**WHAT NEEDS TO BE DONE:** The data must be given again exactly as written, with all images omitted.

*** SOURCE MATERIAL Section Begins ***

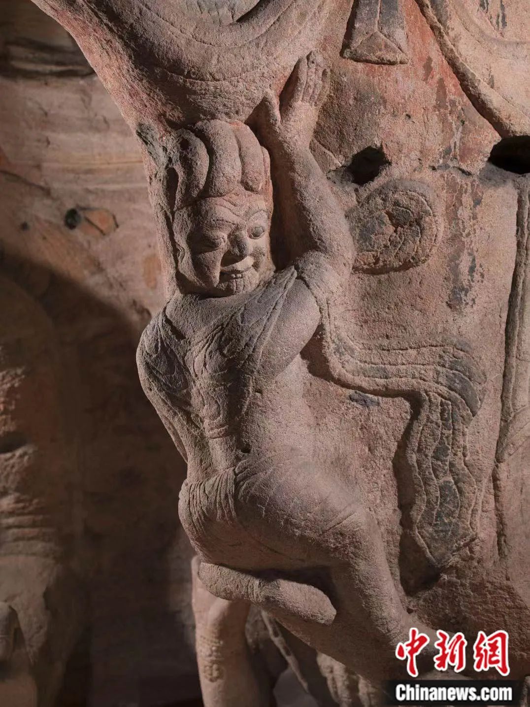第8窟后室北壁上層帷幕東側飛行夜叉。云岡研究院供圖
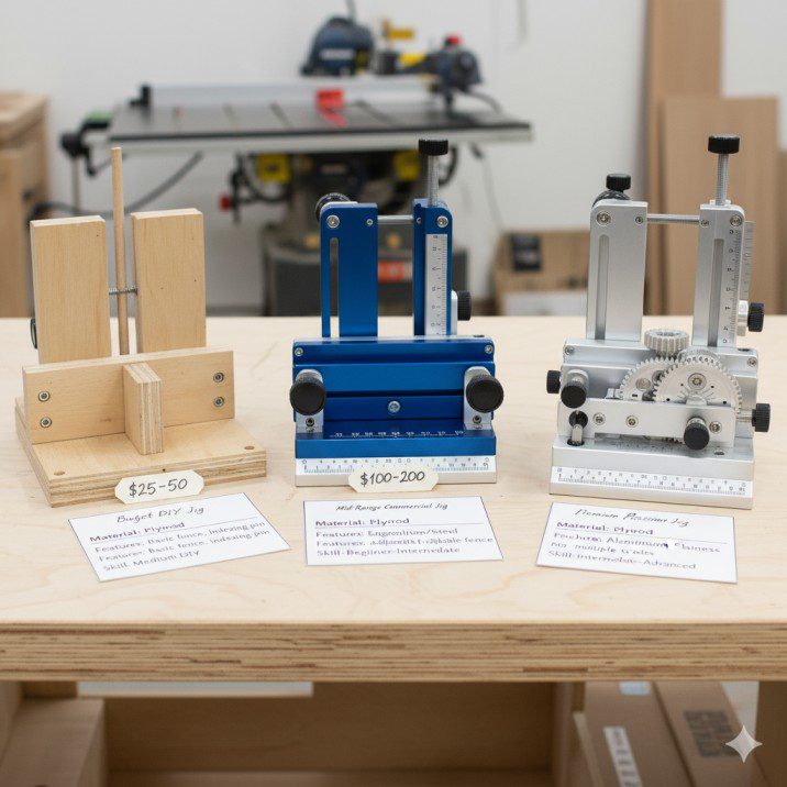 High-end manufactured jigs like the Incra I-Box or Woodhaven systems offer micro-adjustability and can accommodate various blade widths.
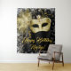 Telón de fondo para fiesta de cumpleaños de máscara con hermosa máscara dorada sobre un fondo bokeh negro, dorado y blanco. Este hermoso telón de fondo de máscara negra y dorada se personaliza fácilmente con el texto que elijas. Puedes cambiar el color del fondo y del texto.

*** SOURCE MATERIAL Section Ends ***

**RESULT OF THIS TASK:**
第8窟后室北壁上層帷幕東側飛行夜叉。云岡研究院供圖
 High-end manufactured jigs like the Incra I-Box or Woodhaven systems offer micro-adjustability and can accommodate various blade widths.
 Telón de fondo para fiesta de cumpleaños de máscara con hermosa máscara dorada sobre un fondo bokeh negro, dorado y blanco. Este hermoso telón de fondo de máscara negra y dorada se personaliza fácilmente con el texto que elijas. Puedes cambiar el color del fondo y del texto.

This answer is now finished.